DATA START

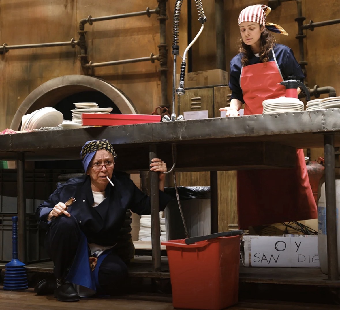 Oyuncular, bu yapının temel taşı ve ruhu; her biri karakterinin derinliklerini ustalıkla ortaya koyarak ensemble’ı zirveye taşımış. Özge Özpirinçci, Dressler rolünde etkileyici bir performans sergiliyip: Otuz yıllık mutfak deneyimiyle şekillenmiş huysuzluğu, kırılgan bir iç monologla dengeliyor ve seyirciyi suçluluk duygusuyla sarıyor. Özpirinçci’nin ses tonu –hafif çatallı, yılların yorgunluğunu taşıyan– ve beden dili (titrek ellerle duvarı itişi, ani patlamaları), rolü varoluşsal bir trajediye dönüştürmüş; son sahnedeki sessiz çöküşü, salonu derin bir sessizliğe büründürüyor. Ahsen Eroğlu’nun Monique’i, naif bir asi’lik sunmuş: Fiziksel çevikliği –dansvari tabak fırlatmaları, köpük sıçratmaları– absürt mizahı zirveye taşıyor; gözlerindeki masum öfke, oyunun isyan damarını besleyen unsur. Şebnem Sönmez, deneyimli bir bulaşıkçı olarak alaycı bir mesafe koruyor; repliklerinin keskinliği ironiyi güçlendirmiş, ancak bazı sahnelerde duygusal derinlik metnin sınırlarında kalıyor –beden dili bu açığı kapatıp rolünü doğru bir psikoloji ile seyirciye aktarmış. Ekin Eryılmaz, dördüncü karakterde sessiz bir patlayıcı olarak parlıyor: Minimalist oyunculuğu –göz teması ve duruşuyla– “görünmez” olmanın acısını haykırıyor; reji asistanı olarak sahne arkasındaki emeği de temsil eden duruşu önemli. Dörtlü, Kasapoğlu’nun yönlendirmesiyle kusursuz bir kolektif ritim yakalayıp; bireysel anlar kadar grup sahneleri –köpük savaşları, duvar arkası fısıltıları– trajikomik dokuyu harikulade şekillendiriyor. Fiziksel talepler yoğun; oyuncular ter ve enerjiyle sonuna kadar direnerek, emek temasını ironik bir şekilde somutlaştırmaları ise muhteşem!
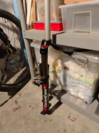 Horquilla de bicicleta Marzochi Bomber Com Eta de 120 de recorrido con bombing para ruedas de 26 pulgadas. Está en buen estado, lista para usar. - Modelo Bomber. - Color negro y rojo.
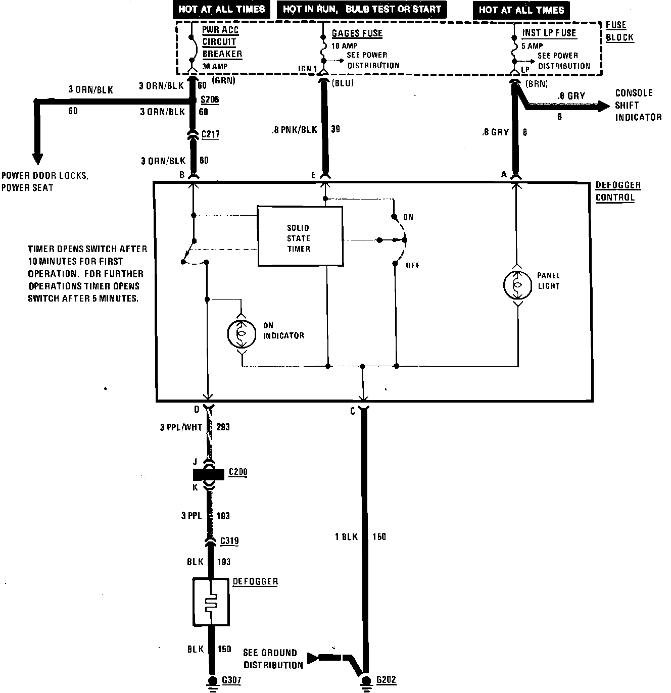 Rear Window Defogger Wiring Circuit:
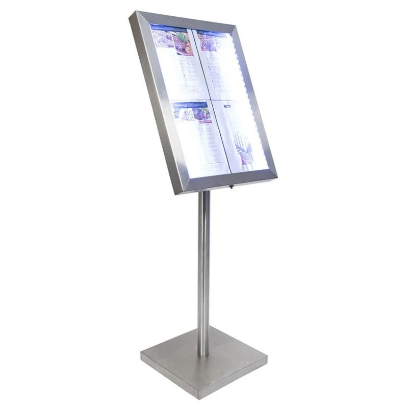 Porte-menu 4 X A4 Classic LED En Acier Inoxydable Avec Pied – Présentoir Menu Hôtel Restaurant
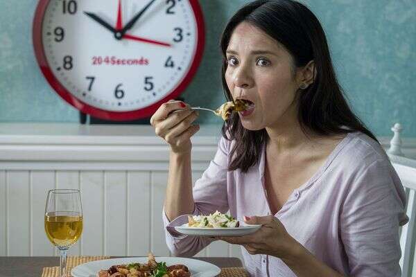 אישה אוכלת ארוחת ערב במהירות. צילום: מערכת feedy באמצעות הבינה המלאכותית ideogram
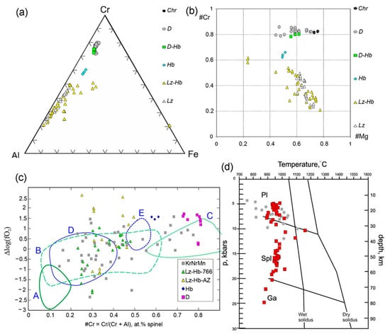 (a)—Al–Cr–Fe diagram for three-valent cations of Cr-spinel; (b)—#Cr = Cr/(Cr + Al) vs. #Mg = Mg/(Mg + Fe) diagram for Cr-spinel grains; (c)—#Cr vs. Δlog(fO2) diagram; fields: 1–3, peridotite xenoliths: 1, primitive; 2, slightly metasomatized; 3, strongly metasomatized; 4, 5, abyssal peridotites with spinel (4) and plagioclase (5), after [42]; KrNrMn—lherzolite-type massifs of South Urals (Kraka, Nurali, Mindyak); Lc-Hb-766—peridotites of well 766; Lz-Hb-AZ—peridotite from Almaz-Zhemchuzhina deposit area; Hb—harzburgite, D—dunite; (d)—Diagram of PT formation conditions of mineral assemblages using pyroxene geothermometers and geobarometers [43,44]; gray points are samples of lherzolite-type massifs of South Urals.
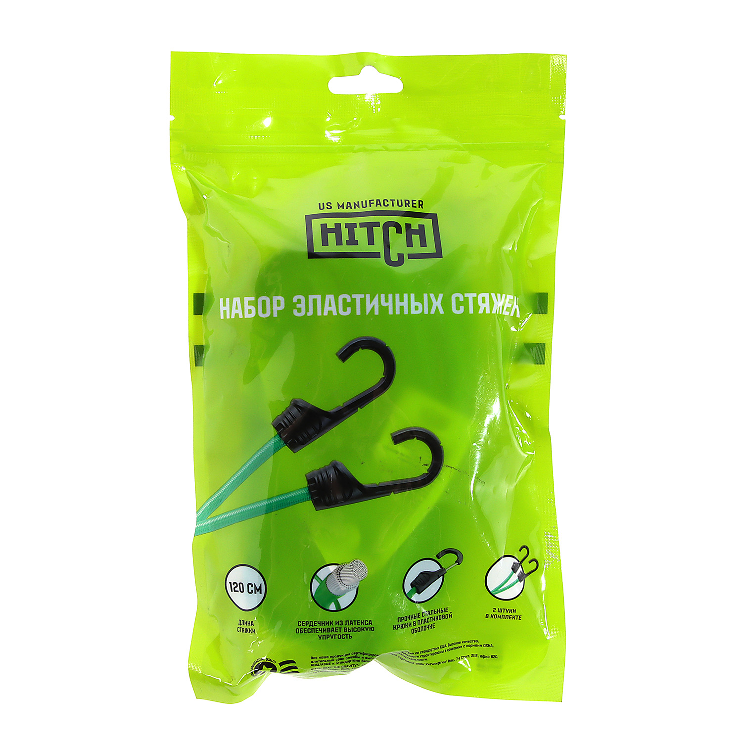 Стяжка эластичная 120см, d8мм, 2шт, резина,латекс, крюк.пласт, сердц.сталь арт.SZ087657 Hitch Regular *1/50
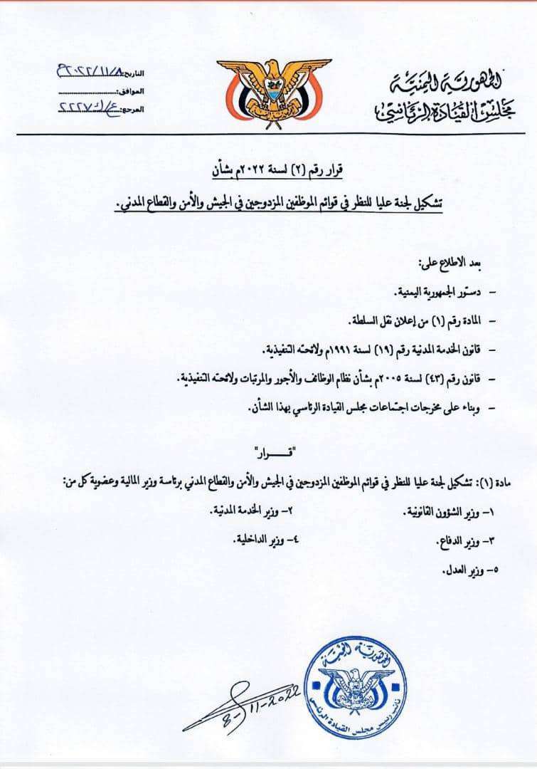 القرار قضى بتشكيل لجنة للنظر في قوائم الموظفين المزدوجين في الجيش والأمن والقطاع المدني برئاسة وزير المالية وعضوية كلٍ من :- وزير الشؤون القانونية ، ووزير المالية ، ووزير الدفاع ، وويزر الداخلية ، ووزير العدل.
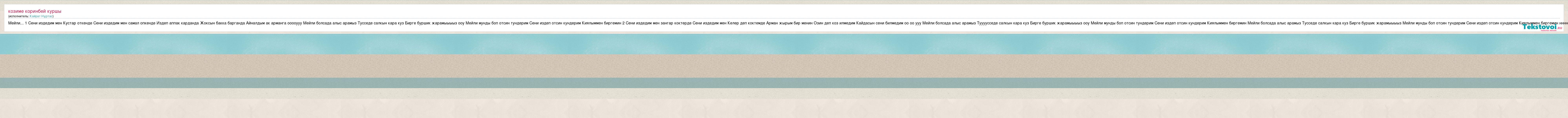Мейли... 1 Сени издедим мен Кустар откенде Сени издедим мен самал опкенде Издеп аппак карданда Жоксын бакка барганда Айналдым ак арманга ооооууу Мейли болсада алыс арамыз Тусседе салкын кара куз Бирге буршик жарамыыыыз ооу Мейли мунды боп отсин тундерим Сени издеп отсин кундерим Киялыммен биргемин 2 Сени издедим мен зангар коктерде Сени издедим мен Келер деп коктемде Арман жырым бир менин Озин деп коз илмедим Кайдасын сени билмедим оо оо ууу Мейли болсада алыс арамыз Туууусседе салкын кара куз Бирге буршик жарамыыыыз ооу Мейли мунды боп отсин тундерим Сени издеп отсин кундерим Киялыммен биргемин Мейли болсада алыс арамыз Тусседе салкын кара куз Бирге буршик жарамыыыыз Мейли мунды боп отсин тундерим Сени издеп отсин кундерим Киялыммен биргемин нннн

DATA END

WHAT NEEDS TO BE DONE
Retype exactly the lines from the line containing "אישה אוכלת ארוחת" through the end of the entries above, including both ends, and leave every picture out.

ANSWER FOR THE TASK
 אישה אוכלת ארוחת ערב במהירות. צילום: מערכת feedy באמצעות הבינה המלאכותית ideogram
 (a)—Al–Cr–Fe diagram for three-valent cations of Cr-spinel; (b)—#Cr = Cr/(Cr + Al) vs. #Mg = Mg/(Mg + Fe) diagram for Cr-spinel grains; (c)—#Cr vs. Δlog(fO2) diagram; fields: 1–3, peridotite xenoliths: 1, primitive; 2, slightly metasomatized; 3, strongly metasomatized; 4, 5, abyssal peridotites with spinel (4) and plagioclase (5), after [42]; KrNrMn—lherzolite-type massifs of South Urals (Kraka, Nurali, Mindyak); Lc-Hb-766—peridotites of well 766; Lz-Hb-AZ—peridotite from Almaz-Zhemchuzhina deposit area; Hb—harzburgite, D—dunite; (d)—Diagram of PT formation conditions of mineral assemblages using pyroxene geothermometers and geobarometers [43,44]; gray points are samples of lherzolite-type massifs of South Urals.
 Стяжка эластичная 120см, d8мм, 2шт, резина,латекс, крюк.пласт, сердц.сталь арт.SZ087657 Hitch Regular *1/50
 القرار قضى بتشكيل لجنة للنظر في قوائم الموظفين المزدوجين في الجيش والأمن والقطاع المدني برئاسة وزير المالية وعضوية كلٍ من :- وزير الشؤون القانونية ، ووزير المالية ، ووزير الدفاع ، وويزر الداخلية ، ووزير العدل.
Мейли... 1 Сени издедим мен Кустар откенде Сени издедим мен самал опкенде Издеп аппак карданда Жоксын бакка барганда Айналдым ак арманга ооооууу Мейли болсада алыс арамыз Тусседе салкын кара куз Бирге буршик жарамыыыыз ооу Мейли мунды боп отсин тундерим Сени издеп отсин кундерим Киялыммен биргемин 2 Сени издедим мен зангар коктерде Сени издедим мен Келер деп коктемде Арман жырым бир менин Озин деп коз илмедим Кайдасын сени билмедим оо оо ууу Мейли болсада алыс арамыз Туууусседе салкын кара куз Бирге буршик жарамыыыыз ооу Мейли мунды боп отсин тундерим Сени издеп отсин кундерим Киялыммен биргемин Мейли болсада алыс арамыз Тусседе салкын кара куз Бирге буршик жарамыыыыз Мейли мунды боп отсин тундерим Сени издеп отсин кундерим Киялыммен биргемин нннн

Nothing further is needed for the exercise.